Lecture 13

Nobel Prize for Machine Learning; Midterm I Review

Byeong-Hak Choe

SUNY Geneseo

October 10, 2024

Nobel Prize in Physics and Chemistry in 2024

The Royal Swedish Academy of Sciences has decided to award the 2024 Nobel Prize in Physics to U.S. scientist John J. Hopfield and British-Canadian Geoffrey E. Hinton for discoveries and inventions in ____________________, a field that enables computers to learn from and make predictions or decisions based on data, which paved the way for the artificial intelligence boom.
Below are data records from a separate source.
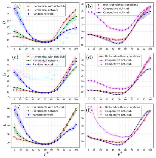 Profiles of D, , and L in terms of the percentage of positive entries for different configurations of hierarchical networks. We observe that the presence of a rich club alters the behaviour of the three metrics (panels (a,c,e)). Panels (b,d,f) show the behaviors of the metrics when the interactions between the hubs forming the rich club are all cooperative or competitive. We observe that cooperation between hubs significantly increases the divergence of the whole system, while competition reduces this separation between the actors. Here, the light-shaded regions surrounding each curve represent the standard deviation determined from 20 independent realizations. In all the simulations, we considered hierarchical scale-free networks with 625 nodes.
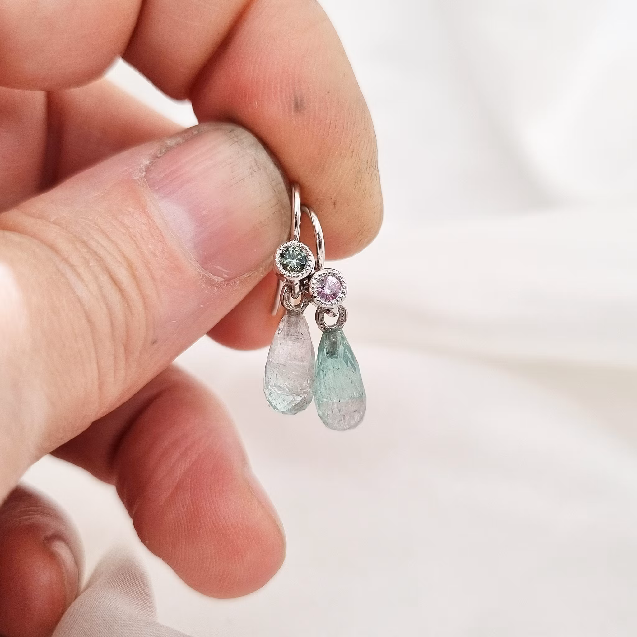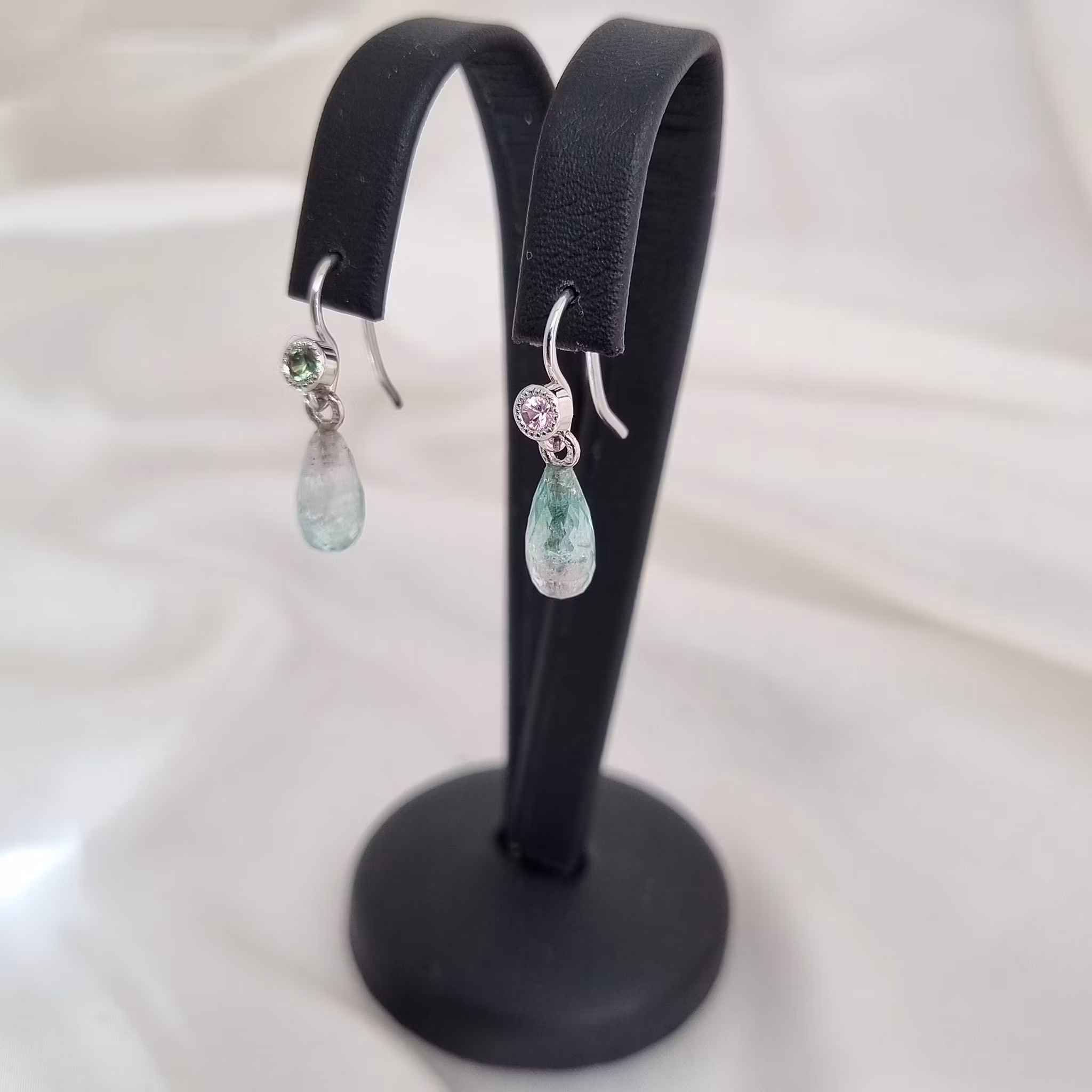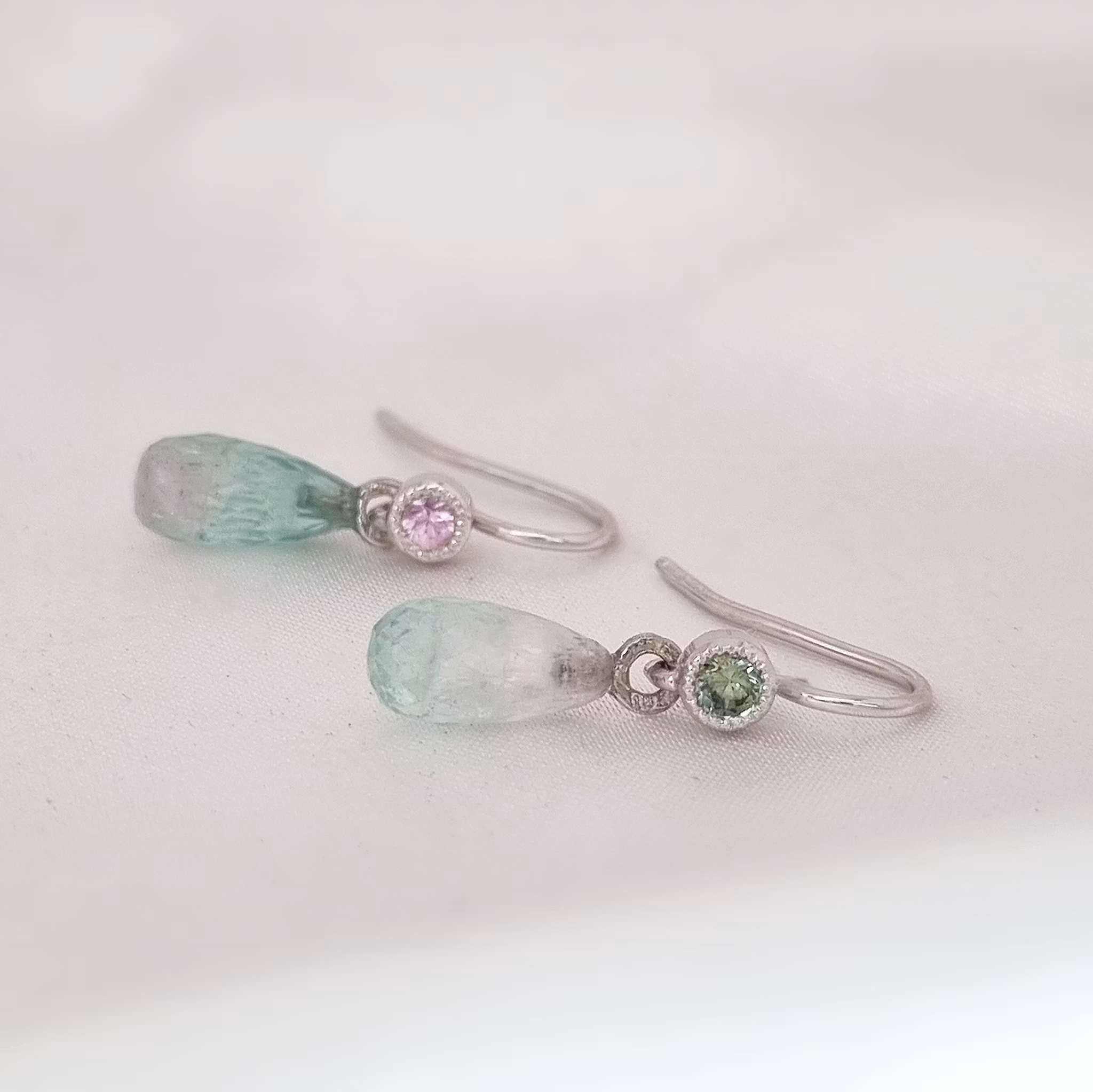 Ett udda par örhängen som ändå matchar. Fairtrade Bicolour vattenmelonturmalin ackompanjerade med en rosa och en grön safir, naturliga och obehandlade från Madagaskar. Underbar kombination! Örhängena är handgjorda i 18 K återvunnet vitguld.
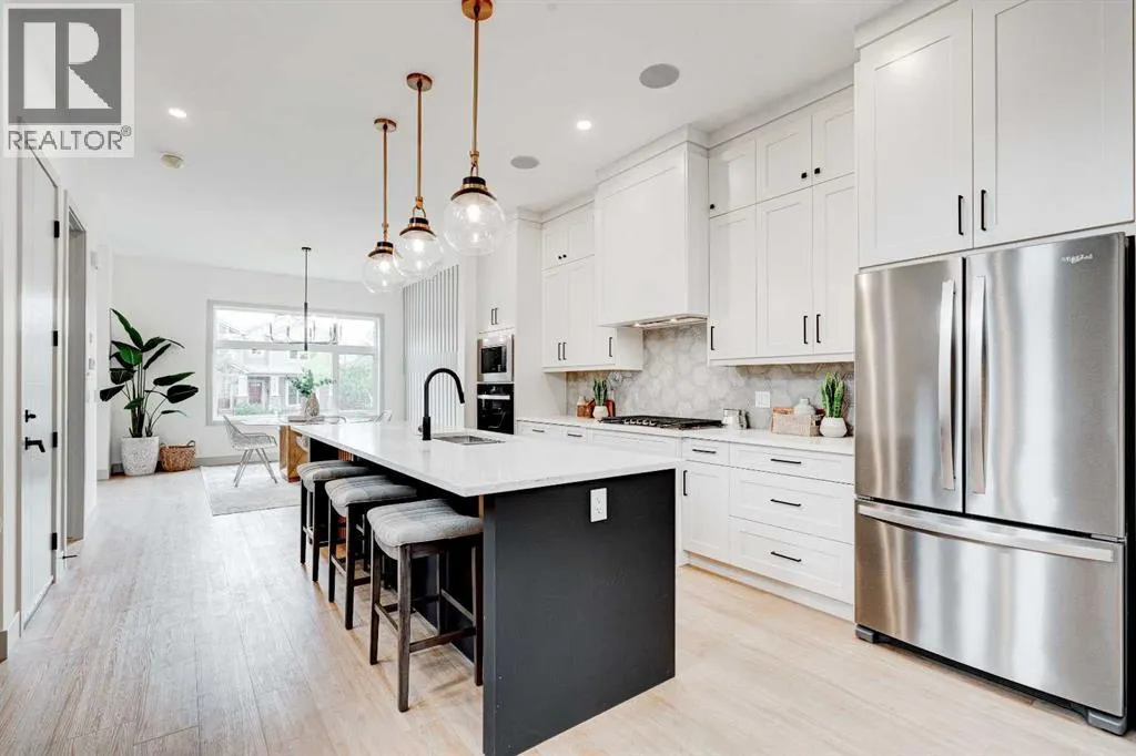 ** 10K BUYER CASHBACK BONUS - INQUIRE FOR MORE DETAILS ** This modern semi-detached home is a stunning blend of thoughtful design and functionality, perfect for anyone looking to elevate their living experience! Located in the heart of Bowness, it offers the perfect mix of urban convenience and peaceful surroundings. Outside, this home has serious curb appeal, w/ a sleek black and white Smartboard exterior that pairs beautifully w/ carefully designed landscaping, and has a 10/10 location next to the park! Out back, thereâs a private patio ready for summer BBQs, complete w/ a gas hookup to make entertaining a breeze. Inside, the space is bright and airy w/ 10-ft ceilings on the main floor. The kitchen is a dream for anyone who loves to cook or entertain, w/ custom two-tone shaker cabinets, quartz countertops, and a massive island that acts as both a centrepiece and functional workspace. High-end stainless-steel appliances, including a gas cooktop and built-in oven-microwave combo, make it as practical as it is beautiful, along w/ the large walk-in pantry for all your storage needs. Enjoy everyday meals and family get-togethers in the dedicated dining room w/ a designer chandelier and stunning feature wall, then spread out into the open-concept living room, which features a stunning gas fireplace w/ crystal glass details. Rounding off the main floor is a lovely custom mudroom w/ a built-in bench and private powder room perfect for guests and everyday use. Upstairs, the primary suite is an absolute sanctuary, w/ oversized windows, an extra-large walk-in closet, and a 5-pc ensuite that acts as your own private spa, w/ a freestanding soaker tub, a walk-in shower w/ rain showerhead, dual vanity, and a full-height mirror w/ inset lighting that adds a touch of luxury. Two additional bedrooms on this floor are spacious and bright, w/ quick access to the main bathroom and a convenient upper-level laundry room. The basement is fully finished and includes a LEGAL SUITE (subject to permits & approval by the city) w/ its own private entrance. Itâs a fantastic option for generating rental income, hosting long-term guests, or even creating a separate space for family members. The suite features a full kitchen, a cozy living area, two bedrooms, and a full bathroomâall finished w/ durable luxury vinyl plank flooring for a sleek and modern look. Throughout the home, youâll find matte black finishes on all hardware and stylish LED pot lights. Itâs also ready for easy upgrades, w/ rough-ins for air conditioning already in place. And the location? Couldnât be better! Youâre next to a park with a skating rink, minutes from the beautiful trails and lagoon at Bowness Park, a local favourite for outdoor activities. The neighbourhood is packed w/ amenities, including charming cafes, boutique shops, and more. For families, there are fantastic schools and playgrounds nearby, including Bowness High School, and commuting is simple w/ quick access to Stoney Trail and 16th Ave! Call today to view! (id:27476)
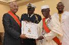 | Caption: | The President of India, Shri Ram Nath Kovind being presented the National Order of Merit (the highest award of Guinea) by the President of Guinea, H.E. Mr. Alpha Conde, at Hotel Sheraton Grand, in Conakry, Guinea on August 02, 2019. |
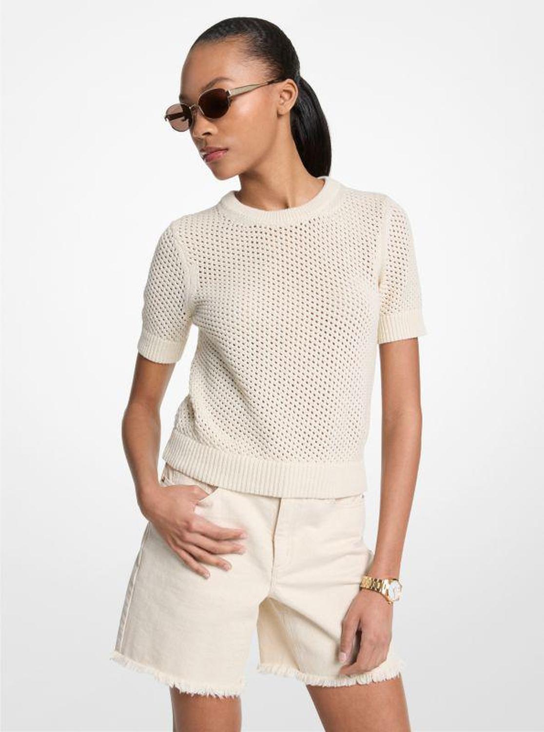 Cotton and Cashmere Mesh Short-Sleeve Sweater
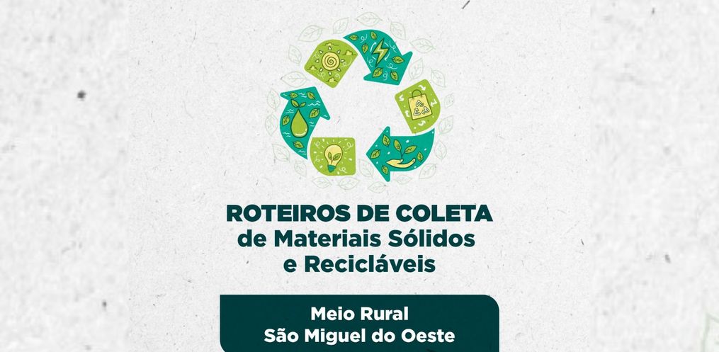 A Prefeitura de São Miguel do Oeste, por meio das Secretarias Municipais de Agricultura, Pecuária e Piscicultura, de Obras e de Saúde, em parceria com a ACOMAR (Associação de Coletores de Materiais Recicláveis), realizará a Coleta de Materiais Sólidos e Recicláveis nas comunidades do interior do município entre os dias 04 e 08 de agosto.
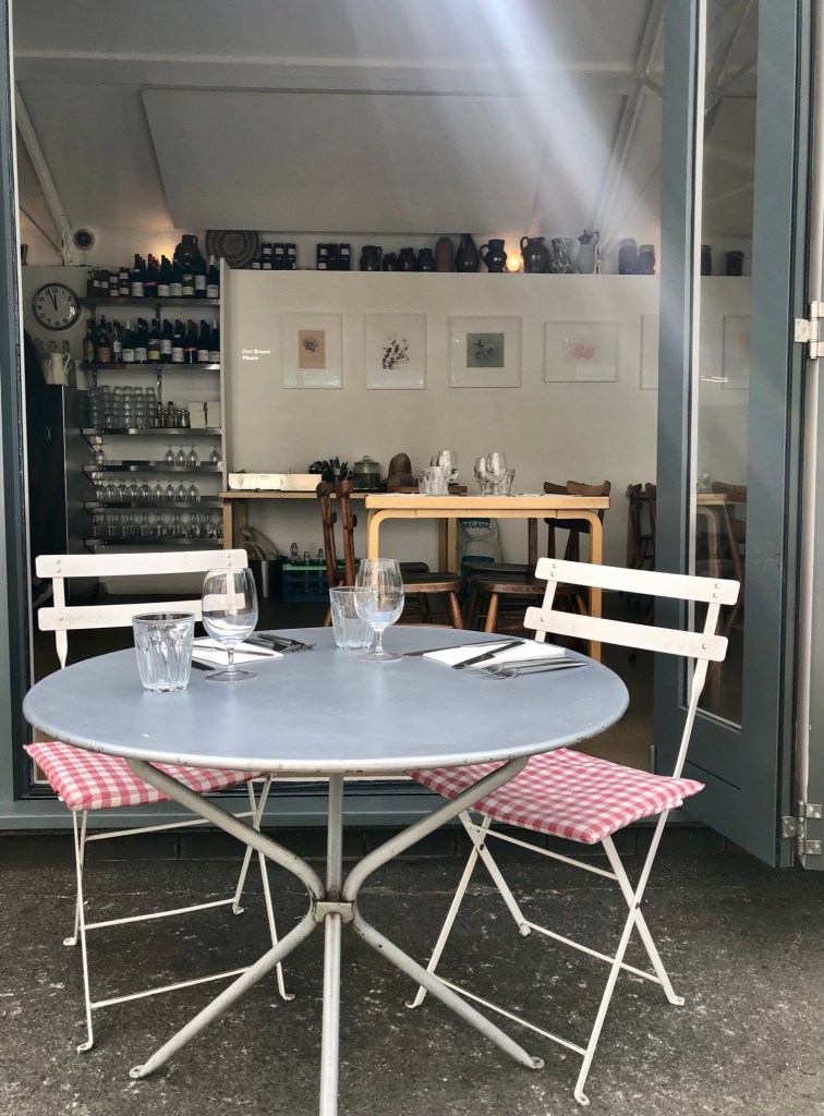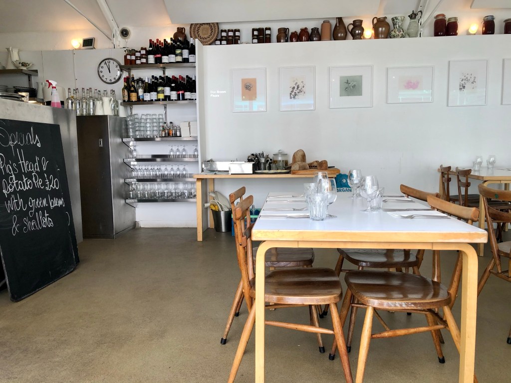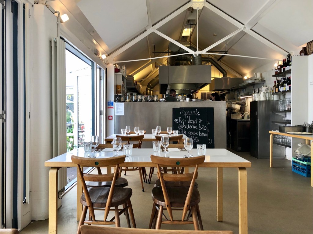There’s a reassuring straightforwardness to Rochelle Canteen. The daily changing menu is black and white. Printed on A4 paper in Times New Roman, with daily specials on the blackboard. Plain and simple classics. Although there were no vegan options on today’s menu, the kitchen were happy to play around with seasonal ingredients on hand and create something bespoke.
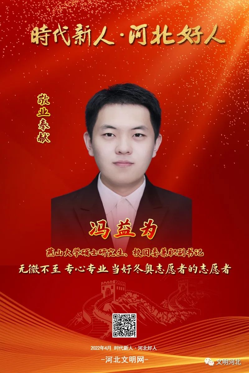 【新闻中心讯】弘扬好人精神,传递榜样力量。据“河北文明网”消息,经各地各单位推荐、网友点赞评议、评议会综合审议,4月29日,河北省文明办在“冀云·河北省道德领域先进典型网上发布厅”发布2022年4月“时代新人·河北好人”,我校经济管理学院研究生冯益为入选“河北好人榜”。这是继2019年我校环境与化学工程学院学生杜大学入选“河北好人榜”以来,我校学生第二次入选。
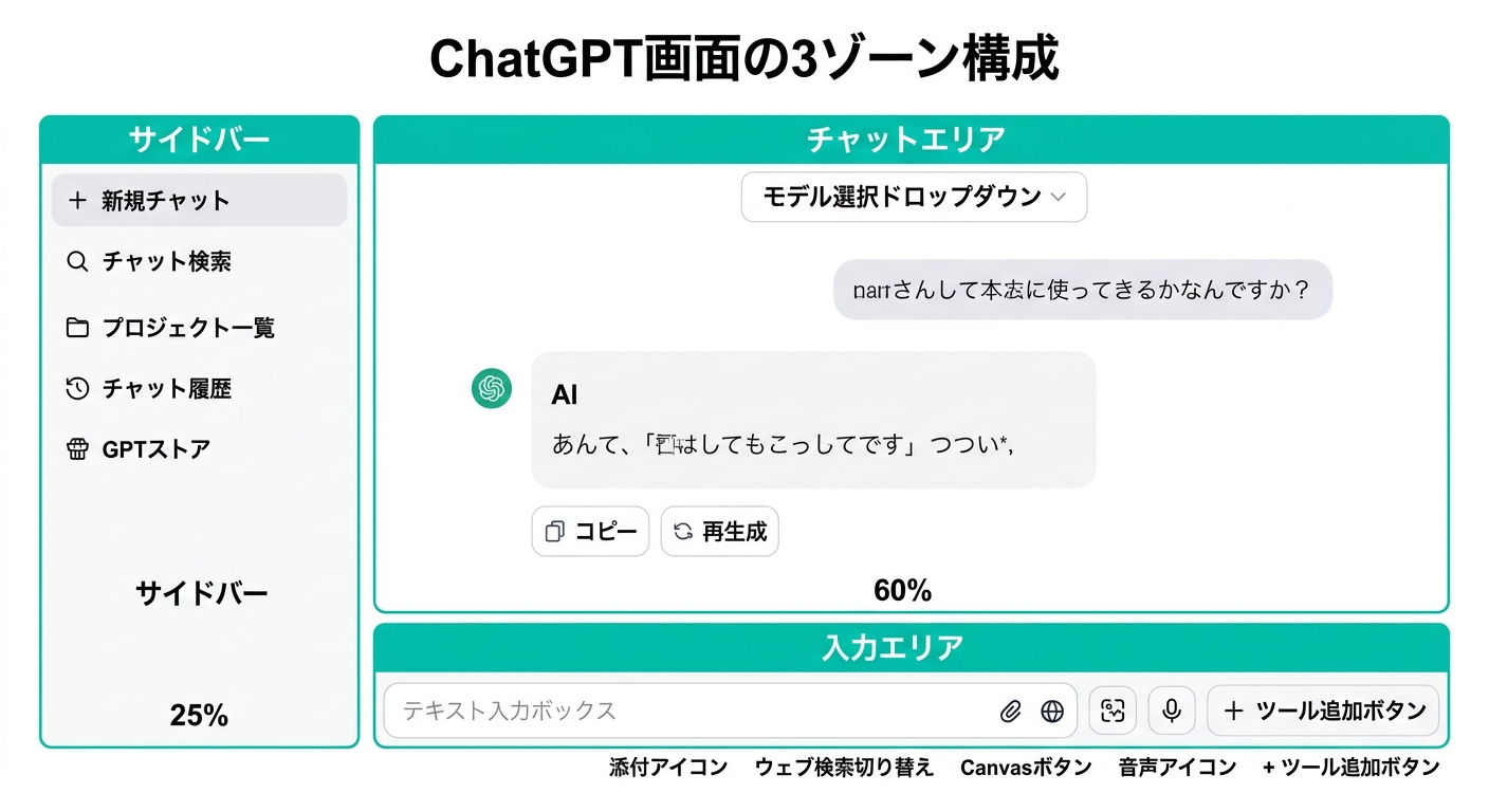- ChatGPTの基本構造:サイドバー・チャットエリア・入力エリアの「3ゾーン」

Nobel Prize in Physics and Chemistry in 2024

2024 Nobel Prizes: Laying the Foundations for ML

The Breakthroughs Behind AI’s Modern Revolution

  • Recognizes groundbreaking contributions to ML and AI
    • Hopfield and Hinton: Deep learning and neural network architecture
    • Hassabis and Jumper: AI and protein folding breakthroughs
  • Why It Matters: These discoveries laid the foundation for the ML revolution we are living through today

2024 Nobel Prizes: Laying the Foundations for ML

Deep Learning

  • Geoffrey Hinton’s Innovations:

    • Developed backpropagation, a key algorithm for training deep neural networks
  • Deep learning: Multi-layered networks that autonomously learn complex patterns

  • Impact on AI:

    • Enabled machines to learn from data without explicit instructions
    • Core technology behind language models (like ChatGPT), image recognition, and more

2024 Nobel Prizes: Laying the Foundations for ML

ML Today

  • The Scale of Modern AI:

    • Deep neural networks now contain billions to trillions of parameters
    • Hugging Face: Open-source community for ML and AI
  • Applications: Voice assistants, self-driving cars, medical diagnostics, and so on.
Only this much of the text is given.